Similarly, users online have reported receiving cease-and-desist letters even though they haven't issued updates since losing VMware support. One user on Spiceworks’ community forum reported receiving such a letter even though they migrated off of VMware and to Proxmox.

I switched to proxmox last summer and found it quite nice.

[–] RonnyZittledong@lemmy.world 29 points 1 week ago (1 children)

You know you are a lovely business when your customers don't use you because they like your product but rather because they feel trapped.

[–] bluGill@fedia.io 2 points 1 week ago

There are many options. the money you send braodcomm would make the option source options really good in not long. But that means a vision and investment for the future.

[–] partial_accumen@lemmy.world 27 points 1 week ago
[–] albert180@piefed.social 23 points 1 week ago (2 children)

Some customers of Members IT Group, a managed services provider (MSP) in Canada, have received this letter, despite not receiving VMware updates since their support contracts expired, CTO Dean Colpitts told Ars. One customer, he said, received a letter six days after their support contract expired.

They will for sure push an automatic update after this and sue.

The ORACLE Way

[–] kautau@lemmy.world 10 points 1 week ago

Oh ORACLE

One Rich Asshole Called Larry Ellison

[–] KairuByte@lemmy.dbzer0.com 2 points 1 week ago (1 children)

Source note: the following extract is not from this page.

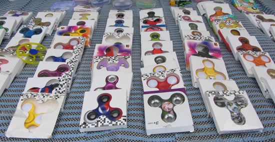 Тоже подходим к прилавку с этими новомодными игрушками – узнать, что по чём. Самые дешёвые – пластиковые – вертушки здесь можно купить за 150 рублей, но их, как нас заверила продавец, при активном пользовании хватит максимум на неделю. Убедила, что если взять металлический спиннер за 450 рублей, то прослужит он намного больше.
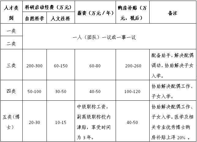 1、對于全職引進的博士及以上高層次人才,按照《皖南醫(yī)學(xué)院引進高層次人才實施辦法(修訂)》(校政[2018]191號)(http://rsc.wnmc.edu.cn/63/10/c1981a90896/page.htm)提供購房補貼、安家費、科研啟動經(jīng)費等。標準如下:

I dont see how that could be legal.

[–] albert180@piefed.social 6 points 1 week ago

Microsoft did label a Windows Server Upgrade accidentally as a security patch once, causing Servers to upgrade, thus requiring a new license

https://www.theregister.com/2024/11/08/windows_2025_surprise_install/

[–] slazer2au@lemmy.world 17 points 1 week ago (1 children)

Thats a bit heavy handed of Broadcom. But it shouldn't be a shock.

With them suing att and Siemens about licensing stuff no doubt the are going to go after smaller orgs too hoping the thread of the suit will force them to buy licensing.

[–] MudMan@fedia.io 10 points 1 week ago (1 children)

I am confused. How can you accidentally push a patch you have no license to acquire?

[–] catloaf@lemm.ee 9 points 1 week ago

You can't. This is a scare tactic.

[–] sunzu2@thebrainbin.org 9 points 1 week ago

These licensing deals are cancer. Just parasites trying to leech lol

Fuck em. Foss as much as possible, donate if you got cash to spare. Never pay your oppressors folks!

[–] bajabound@lemmy.world 1 points 1 week ago

Sounds like Kaseya should look into purchasing Broadcom. Their strategies seem to align.